Орнамент тишины - Людмила Фетисова
Шрифт:
Интервал:
Закладка:
Глава 2
Заново привыкать к городу сложнее, чем осваиваться в незнакомом, новом. Разделив на до и после, я искала отличия и находила их во всём. Даже тайга, опоясывающая город, изменилась. Через неё проложили дорожки, поставили качели и назвали парком. Попробовала отыскать наш старый дом — вытянутое, двухэтажное общежитие, в котором мы жили до переезда. Я хорошо помнила это деревянное здание небесно-голубого цвета с квадратными окнами. Под ними росли тонкие лиственницы, в это время года они были бы нарядного, ярко-жёлтого тона. Но сколько ни проходила по условно знакомым улицам — дома нигде не было, не было лиственниц, не было ничего, что напоминало бы о прежнем дворе.

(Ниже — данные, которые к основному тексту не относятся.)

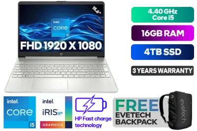 HP Laptop 15s-fq5018ni 12th Gen Intel® Core™ i5-1235U up to 4.40GHz Processor, 12MB Cache, 10x Cores, 12x Threads / 16GB DDR4 RAM / 4TB Ultra-Fast NVME SSD / 15.6" FHD 1920 x 1080 Anti-Glare Display / Integrated Intel® Iris® Xe Graphics, DirectX 12 Support / Windows 11 Home 64bit / Realtek 802.11ac Wireless LAN / Bluetooth 5 / 2x USB Type-A / 1x USB Type-C / 1 x HDMI / 1x SD Card Reader / 1x Headphone And Microphone Combo Jack / 720p HD camera / Full-size Natural Silver Keyboard / 2x 2W Speakers / HP 15s-fq5018ni 12th Gen Intel® Core™ i5 LaptopHP Laptop 15s-fq5018ni 12th Gen Intel® Core™ i5-1235U up to 4.40GHz Processor, 12MB Cache, 10x Cores, 12x Threads / 16GB DDR4 RAM / 4TB Ultra-Fast NVME SSD / 15.6" FHD 1920 x 1080 Anti-Glare Display / Integrated Intel® Iris® Xe Graphics, DirectX 12 Support / Windows 11 Home 64bit / Realtek 802.11ac Wireless LAN / Bluetooth 5 / 2x USB Type-A / 1x USB Type-C / 1 x HDMI / 1x SD Card Reader / 1x Headphone And Microphone Combo Jack / 720p HD camera / Full-size Natural Silver Keyboard / 2x 2W Speakers / HP 15s-fq5018ni 12th Gen Intel® Core™ i5 Laptop [8Y7B5EA/4TB] / 3 YEARS WARRANTY / [+] GET FREE EVETECH NEO Premium Gaming Backpack+ FREE DELIVERY !
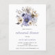 A budget price smaller 4.5" x 5.6" paper alternative. Envelopes are an optional extra. A bouquet of beautiful lilac, purple and cream watercolor florals and foliage is at the top and stylish typography is below which is easily personalised to the details of your Rehearsal Dinner. A coordinating lilac coloured background is on the back.
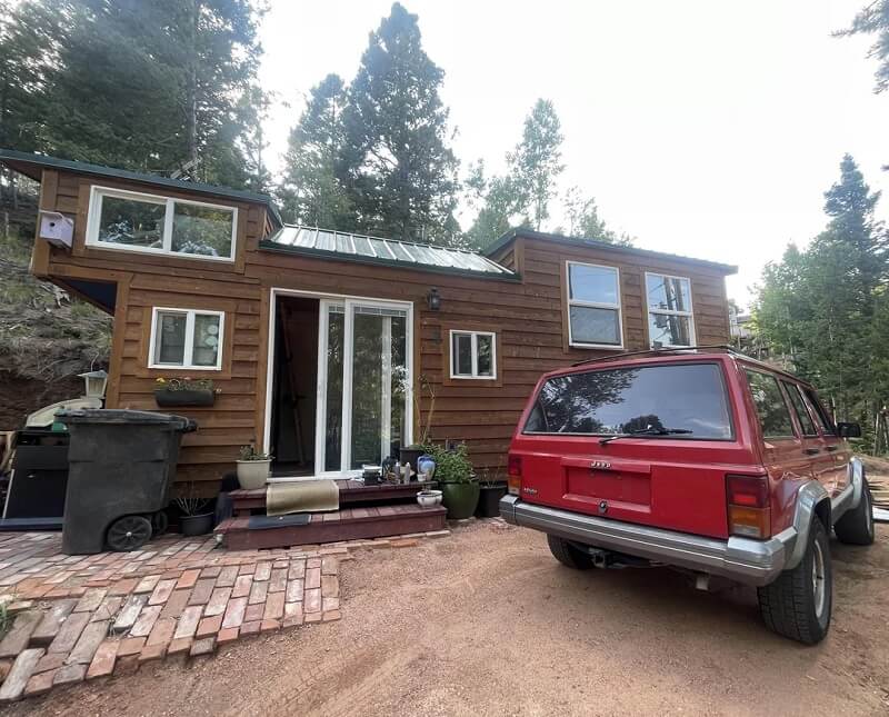 "The original project: tiny house, 1/8 acre land, 50amp hookup, shed for water cistern, grading of hill and a Jeep Liberty, $55,000," they said in response to a question about the cost of the setup.
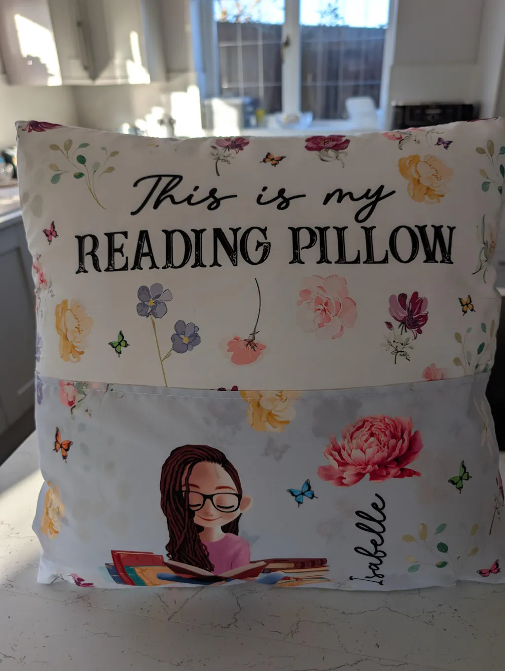 MESSAGE: This is my reading pillow.
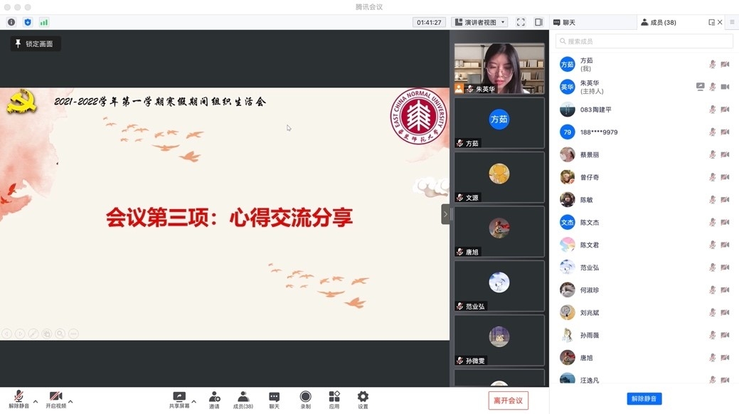 为学习贯彻党的十九届六中全会会议精神,进一步推动党史学习教育,2022年1月26日下午13:30,yl6809永利官网2021级环境学系研究生党支部举办了学习十九届六中全会精神心得交流分享会。本次会议以线上形式开展,包括时政要闻分享、重温十九届六中全会精神、心得交流分享以及我与支部共成长四个部分。会议由支部书记朱英华同志主持,辅导员吴丹老师和全体党员和入党积极分子线上参会。
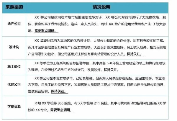 城市公司 HR应全面分析最近几年招聘的岗位,分析应聘者的数量、质量、分布、 来源渠道等情况,明确调研方向。示例如下:

Только на одной из улиц, делящих город на квадраты, я встретила такие же двухэтажные общежития. Расселённые, они слепо смотрели перед собой пустыми, грустными глазами-окнами. От рамы одного из них поднималась угольная полоса копоти. Дом горел.
Я осмотрелась. Поблизости никого не было, ни единой живой души, и не удержавшись вошла в растворённые двери подъезда. Длинные коридоры оставались ровно такими, какими я их запомнила в детстве, но только этот был совершенно необитаем. Полы прогнили. Пахло сыростью и гарью. Что-то меня влекло в этот брошенный мир, и я осторожно ступала по скрипучим доскам, заглядывая в настежь распахнутые двери. В квартирах оставались навалы из ветхих томов, тетрадей, несуразной обуви без пары и цветастых младенческих вещичек. Всё это было свалено на пол и прикрыто рыжими листьями, налетевшими из навсегда открытых окон. Пожелтевшие обои лоскутами свисали с бледных стен.
Под моим кроссовком лежала связка выдранных страниц. В таком же доме, когда-то ужасно давно, мы с соседскими девочками гадали на книгах, подслушивали свою судьбу между строчек. В середине января, когда наступало время Танха, тайком пробирались в родительскую комнату, чтобы стащить пару книг из шкафа, а после прятались под столом на общей кухне. Нужно было закрыть глаза и выбрать разворот, наугад проводя ладонью.
Я наклонилась и бережно подняла листы, цепляющиеся за жалкий переплёт. Они набухли от сырости, слиплись и никак не хотели переворачиваться, но я всё же искала, пытаясь ощутить кожей тепло, как когда-то раньше. «И тогда они вошли.» — гласила слепо выбранная фраза под моим пальцем.
Знаки на бумаге всегда говорили чуть больше, чем слова, которыми они были записаны. Через ритм и звуки они давали ответ на вопрос, с которым открывалась книга в свете фонарика под кухонным столом. Это я уяснила ещё в детстве. Сейчас, наткнувшись на шипящие, рубленые предложения, поскорее захлопнула страницы. Я чувствовала в них угрозу.
— Это всего лишь отрывок, он не скажет правды. — на ходу придумывала новые правила, чтобы немного себя успокоить. — И Танха Хаан Тойон ещё далеко от нашего мира.
Но смутная тревога нарастала, надо было скорее уходить отсюда. Выпущенные из рук страницы беззвучно опустились, но на пальцах осталось ощущение липкости, хотелось сполоснуть ладони водой.
Напоследок я обернулась и окинула взглядом коридор. Для него не оставалось ни малейшей надежды, что двери комнат когда-то отворятся и из них, смеясь, выбегут дети. Не прогнутся ступени лестницы под шагами молодой пары, будившей спящий дом по утрам болтовнёй и скрипом матраса. Никто на общей кухне осуждающе-молчаливо не покачает головой, провожая их глазами через мутное окно с приоткрытой форточкой. В затхлом воздухе надежда не жила.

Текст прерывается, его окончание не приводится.